Records shown:
>>

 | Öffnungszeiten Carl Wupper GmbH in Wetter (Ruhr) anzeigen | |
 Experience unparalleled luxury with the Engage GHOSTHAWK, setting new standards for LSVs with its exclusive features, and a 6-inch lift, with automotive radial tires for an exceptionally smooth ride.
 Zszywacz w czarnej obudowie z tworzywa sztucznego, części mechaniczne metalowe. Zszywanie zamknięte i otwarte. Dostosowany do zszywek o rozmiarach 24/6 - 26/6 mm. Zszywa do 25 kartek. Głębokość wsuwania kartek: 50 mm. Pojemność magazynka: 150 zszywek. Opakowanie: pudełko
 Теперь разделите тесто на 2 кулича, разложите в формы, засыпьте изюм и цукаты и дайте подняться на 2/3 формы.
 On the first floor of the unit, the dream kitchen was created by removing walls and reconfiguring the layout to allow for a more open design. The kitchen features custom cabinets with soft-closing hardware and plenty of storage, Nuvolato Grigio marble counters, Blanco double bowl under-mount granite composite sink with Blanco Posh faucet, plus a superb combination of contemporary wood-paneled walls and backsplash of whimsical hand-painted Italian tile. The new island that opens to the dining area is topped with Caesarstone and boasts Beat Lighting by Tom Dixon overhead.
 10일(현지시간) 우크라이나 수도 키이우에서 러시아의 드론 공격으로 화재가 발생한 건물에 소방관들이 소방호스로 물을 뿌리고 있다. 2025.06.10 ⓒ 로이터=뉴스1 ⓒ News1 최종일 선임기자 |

<<
>>

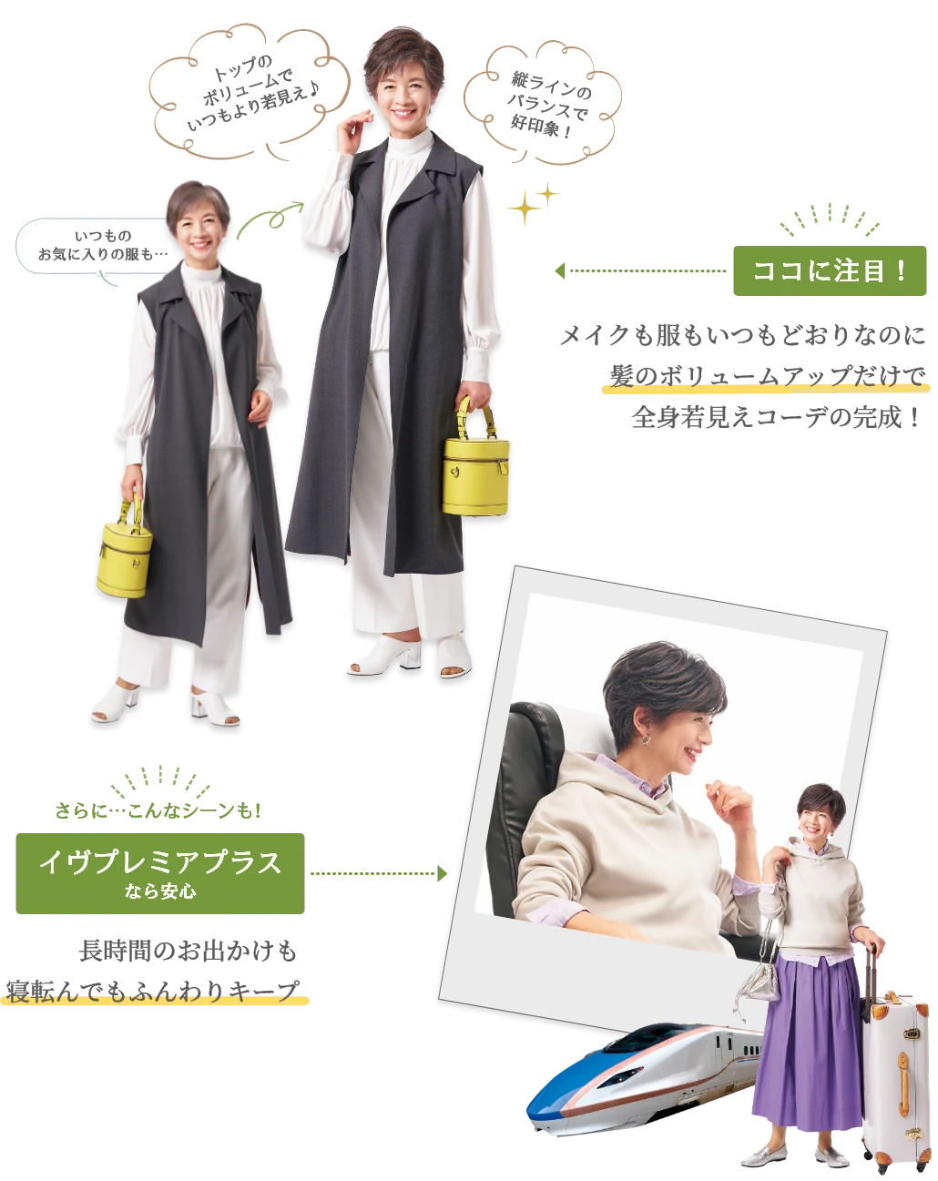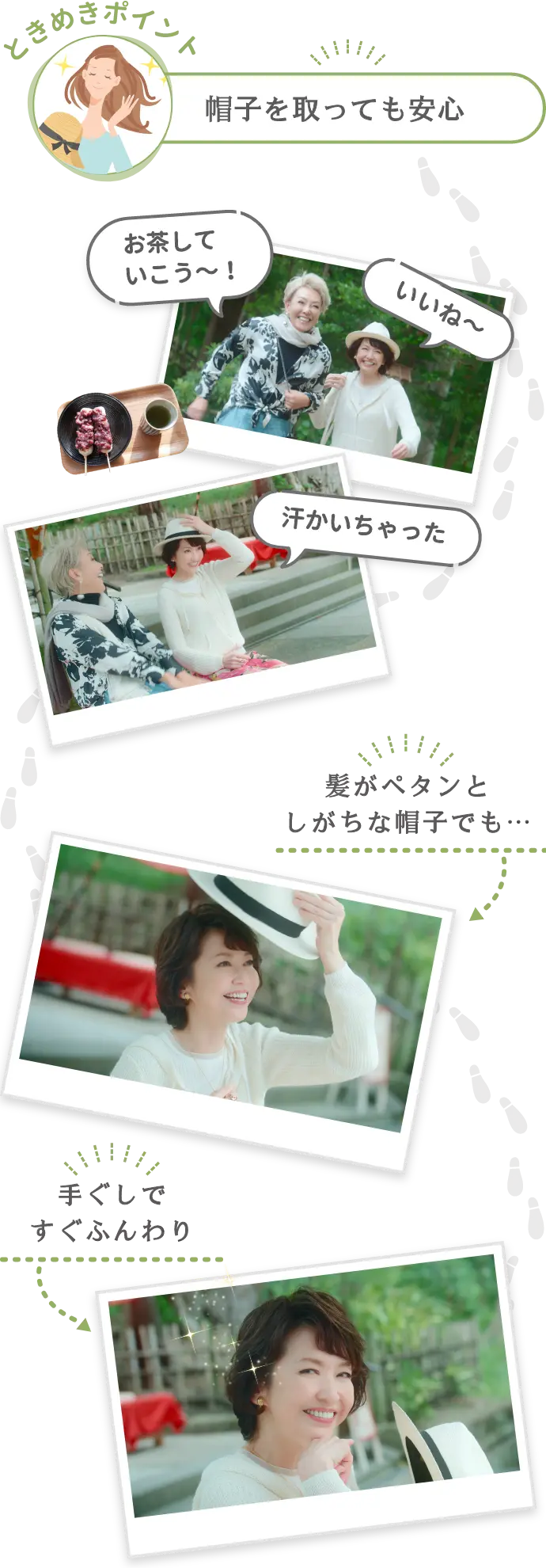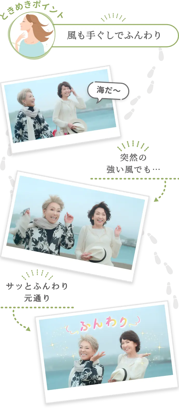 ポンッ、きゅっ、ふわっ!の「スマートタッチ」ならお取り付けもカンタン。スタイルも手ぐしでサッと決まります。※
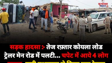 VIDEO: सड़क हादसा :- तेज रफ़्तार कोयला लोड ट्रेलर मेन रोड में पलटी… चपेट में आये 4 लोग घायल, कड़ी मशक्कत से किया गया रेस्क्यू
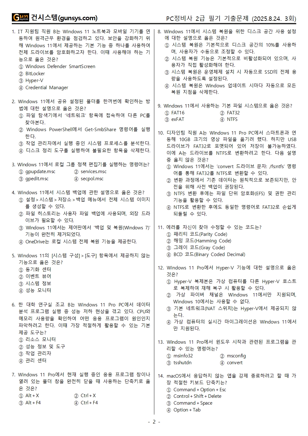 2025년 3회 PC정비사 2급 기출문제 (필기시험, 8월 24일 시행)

<<

Exercise directions: Return a word-for-word copy of the lines above from the one holding "anzeigen | |" through the one holding "Experience unparalleled luxury", with both of them included and nothing besides.

Task output:
 | Öffnungszeiten Carl Wupper GmbH in Wetter (Ruhr) anzeigen | |
 Experience unparalleled luxury with the Engage GHOSTHAWK, setting new standards for LSVs with its exclusive features, and a 6-inch lift, with automotive radial tires for an exceptionally smooth ride.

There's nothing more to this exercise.